Session 3: Run BWA, inspect and filter the output
In this part of the course, we will not use the IMP3 pipeline. You have done some mapping already in the second session. Today, we will look at some of the commands IMP3 uses on their own.
In this session, you can use the environments IMP3 provides on crunchomics to preprocess data with BWA-MEM.
External users
Warning
Data
For this session, there are a few small files prepared on crunchomics:
cd /zfs/omics/projects/metatools/SANDBOX/Metagenomics101/EXAMPLE_DATA/READS
ls
less COSMIC_vag.test.r1.fq
In addition, you can use reference files from the IMP3 databases or the test set:
ls /zfs/omics/projects/metatools/DB/filtering/
ls /zfs/omics/projects/metatools/SANDBOX/Metagenomics101/EXAMPLE_DATA/REFERENCES
Running BWA-MEM indexing
Normally, you first need to build an index of you references.
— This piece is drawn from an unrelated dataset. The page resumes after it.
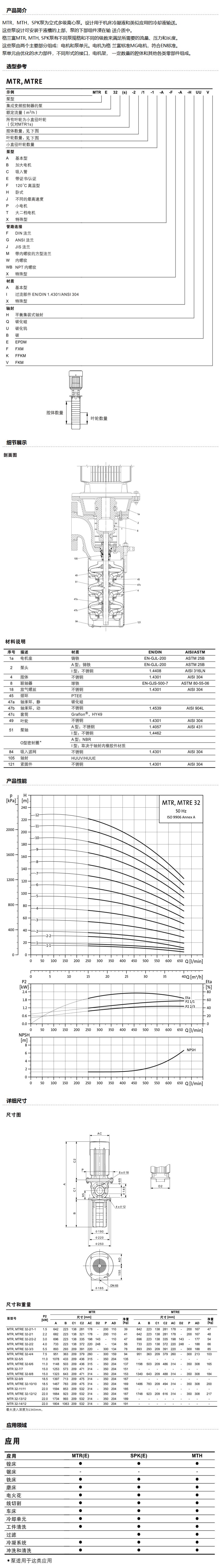 商品名称:格兰富/Grundfos MTR32-3/3A-F-A-HUUV MTR系列浸入式多级离心泵

You can do this like so:
cd ~/personal
cp /zfs/omics/projects/metatools/SANDBOX/Metagenomics101/EXAMPLE_DATA/REFERENCES/mg.assembly.merged.fa .
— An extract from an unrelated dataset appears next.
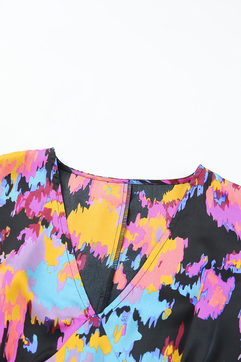 - It features a v-neck, flutter sleeves, and cinched at the waist

conda activate /zfs/omics/projects/metatools/TOOLS/IMP3/conda/76e02d85877600c41ac84cb7bc27a189
bwa index mg.assembly.merged.fa
RESOURCES!
Warning
You could also use the indices in the example data folder.
Running mapping with BWA-MEM
In the next step, you run the actual mapping.
bwa mem -v 1 -t 1 mg.assembly.merged.fa /zfs/omics/projects/metatools/SANDBOX/Metagenomics101/EXAMPLE_DATA/READS/test.mg.1.fastq /zfs/omics/projects/metatools/SANDBOX/Metagenomics101/EXAMPLE_DATA/READS/test.mg.2.fastq >> test_alignment.sam
You can find the help for bwa mem by typing bwa mem
.
You can run other data, for example, the COSMIC_vag.test.r1|2.fq
with the hg38.fa
.
Take a look at the alignment file
The output of the BWA-MEM step is an alignment file in .sam format. There is a long header, but after that (for example at the end of the file), you see the alignment information as discussed in the lecture.
tail test_alignment.sam
Converting the alignment file to binary (compressed) format
Usually, we will not want to store the big .sam file on our disk. Instead, we convert it to .bam format.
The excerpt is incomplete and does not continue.